Privacy-Preserving Log Analysis for Tor Hidden Service Operators

For .onion services, design logs around operational needs rather than default web server behavior. Log what is operationally necessary: timestamp (for correlation with incidents), HTTP status code (to detect errors and attacks), request path (for traffic analysis, without query parameters that may contain sensitive data), response size (for bandwidth analysis), response time (for performance analysis), User-Agent string (optional - useful for detecting non-Tor-Browser clients). Do not log: the source IP (always 127.0.0.1, useless), query parameters (may contain session tokens, search terms, or other sensitive data), request bodies (contain form data, sensitive user input), or Referer headers (can reveal browsing history). Configure Nginx with a custom log format that omits $remote_addr and $http_referer: log_format onion_format '$time_iso8601 $status $request_method $uri $body_bytes_sent ${request_time}ms $http_user_agent';

The Tor daemon has its own logging configuration separate from Nginx. In torrc, configure log level appropriately: Log notice file /var/log/tor/notices.log for production (logs important events without verbose debug output). The notice-level log records: hidden service descriptor publications (success/failure), introduction point establishment, circuit creation events, and Tor network connectivity issues. Avoid Log debug in production as debug logs contain circuit-level detail that could be used to correlate activity timing. For incident investigation, temporarily increase log level: Log info file /var/log/tor/info.log for more detail during active troubleshooting, then revert to notice. Enable SafeLogging 1 (the default) to replace sensitive values in logs with [scrubbed] placeholders. Retain Tor daemon logs for 30 days maximum - they contain timing information for hidden service descriptor events.

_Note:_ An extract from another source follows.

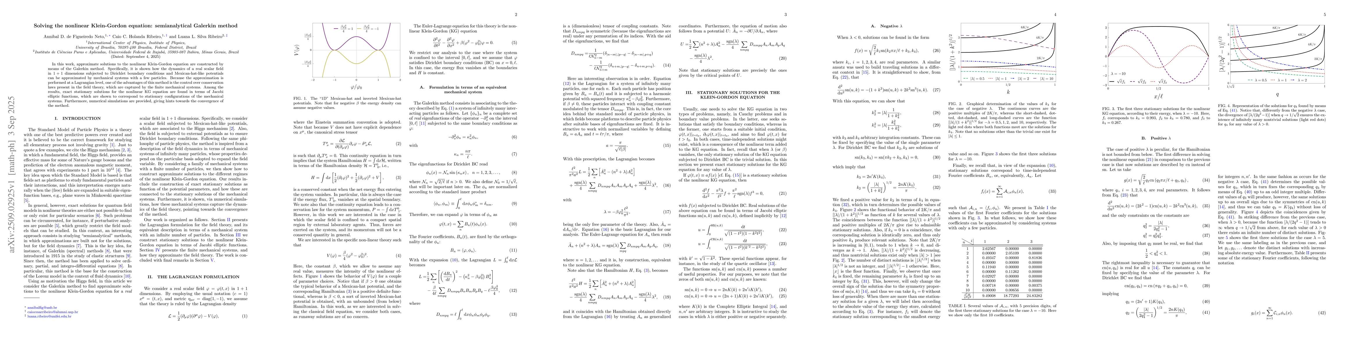 In this work, approximate solutions to the nonlinear Klein-Gordon equation are constructed by means of the Galerkin method. Specifically, it is shown how the dynamics of a real scalar field in $1+1$ dimensions subjected to Dirichlet boundary conditions and Mexican-hat-like potentials can be approximated by mechanical systems with a few particles. Because the approximation is performed at a Lagrangian level, one of the advantages of this method is the control over conservation laws present in the field theory, which are captured by the finite mechanical systems. Among the results, exact stationary solutions for the nonlinear KG equation are found in terms of Jacobi elliptic functions, which are shown to correspond to stationary configurations of the mechanical systems. Furthermore, numerical simulations are provided, giving hints towards the convergence of the method.

Application logs (Django, Node.js, PHP, etc.) should be configured with similar privacy principles: log exceptions and errors with stack traces (for debugging), log slow queries above a threshold (for performance tuning), log authentication failures with timestamps (for security monitoring), and log request processing time without user-identifying data. Remove user-identifying data from application logs: hash username or session ID before logging (use HMAC-SHA256 with a per-server secret so the hash is useful for correlation within the same server but not linkable across servers or time periods). Format: log.info('Request processed', { user_hash: hmac('user-id', server_secret), duration_ms: 45, endpoint: '/api/search' }). This allows correlating events within a session for debugging without storing raw user identifiers.

GoAccess is a terminal-based log analyzer that processes Nginx access logs and generates reports - configure it with your custom onion_format: goaccess /var/log/nginx/access.log --log-format='%d %T %s %m %U %b %L %^' (adjust field order to match your format). GoAccess provides real-time dashboards in terminal or HTML output without sending data to external services. For time-series metrics, use a Prometheus + Nginx Vhost Exporter setup: the exporter parses Nginx logs and exposes Prometheus-format metrics (request rate by status code, response time percentiles) on a local port. Prometheus scrapes the exporter on the loopback interface. Visualize in Grafana running as another hidden service. This provides production-quality dashboards without exposing metrics endpoints publicly.

Define and implement a log retention policy: application error logs: 90 days (needed for debugging recurring issues), Nginx access logs: 30 days (needed for traffic analysis and incident investigation), Tor daemon logs: 30 days (needed for hidden service operational issues), authentication/security logs: 180 days (needed for security incident investigation). Automate retention with logrotate: configure /etc/logrotate.d/nginx to rotate daily and keep 30 days of rotated logs. After retention period, delete with secure overwrite: shred -u /var/log/old-logs/*.log.gz. For very sensitive deployments, log to a tmpfs (RAM-based filesystem) mount: logs exist only in memory and are lost on reboot. Configure tmpfs in /etc/fstab: tmpfs /var/log/nginx tmpfs size=512M,noatime 0 0. This trades log durability for erasure-on-reboot.